This was done by first binning the spikes of all neurons at 100 ms. Binning spikes at 100 ms removes high-frequency oscillations, and thus correlations seen in the plots are low-frequency correlations. This was a similar analysis as was used in Goard & Dan (2009). We then used the MATLAB routine corrcoef to compute the correlation coefficient for a subset of 80 neurons taken from all layers (20 neurons per layer) in RF1 and RF2 across trials in both the control and the stimulated cases. To see how attention, mAChR stimulation and BF stimulation changed correlations between cells, in Figs 8 and 9 we plot the excitatory–excitatory, excitatory–inhibitory and inhibitory–inhibitory correlations for the six
non-control
conditions discussed above (indicated selleck inhibitor by the row name). For each of the nine subplots in Figs 8 and 9, the non-control condition is plotted on the y-axis against the control condition, plotted on the x-axis. Each scatter point corresponds to the correlation value computed under both the non-control (y-axis) and control (x-axis) conditions. Thus, a scatter point above the line y = x indicates an increase in correlation in the non-control condition. A scatter point below the line y = x indicates a decrease in correlation in the non-control condition. Black and blue scatter points are used for RF1 and RF2, respectively.
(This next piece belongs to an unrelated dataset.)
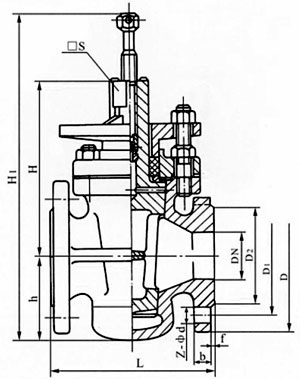 主要外形尺寸公称通径DN(mm)尺寸(mm)LDD1D2□Sz-φdH150170160125100324╳φ1831565220180145120364╳φ1836080250195160135464╳φ18455100300215180155508╳φ18500125350245210185558╳φ18510150400280240210608╳φ23605200450335295265608╳φ237602505303903503208512╳φ2380030058044040036810012╳φ23820

Red and green crosses indicate the center of mass of the scatter points for RF1 and RF2, respectively, and the size of the crosses is 20 times the standard error of the mean (SEM) of the center of mass. We first
analysed the between-cell correlations during BF stimulation. A similar study was find more performed experimentally on rats by Goard & Dan (2009). In their study, the BF was periodically stimulated (similar to Rebamipide ours) while showing the rats a natural movie. They found that during periods of BF stimulation, the neurons in V1 became decorrelated. In addition, they showed that this correlation is mediated by muscarinic receptors. As can be seen in the bottom row of Fig. 8, when we stimulated the BF, excitatory–inhibitory and inhibitory–inhibitory correlations in both RF1 and RF2 decreased, while excitatory–excitatory correlations remained unchanged. Our result suggests that the decorrelation reported by Goard and Dan was primarily mediated by inhibitory neurons. For the mAChR in RF1 case (middle row of Fig. 8), we also see a decrease in between-cell correlations, indicating that the decrease in correlations is further mediated by mAChRs. We also applied top-down attentional signals to our cortical columns and saw how this affected between-cell correlations with and without mAChR and BF stimulation (Fig. 9). Attentional modulation is classically known to increase firing rates in a particular subset of neurons in order to bias these neurons so they win out in competition against other groups (Desimone & Duncan, 1995).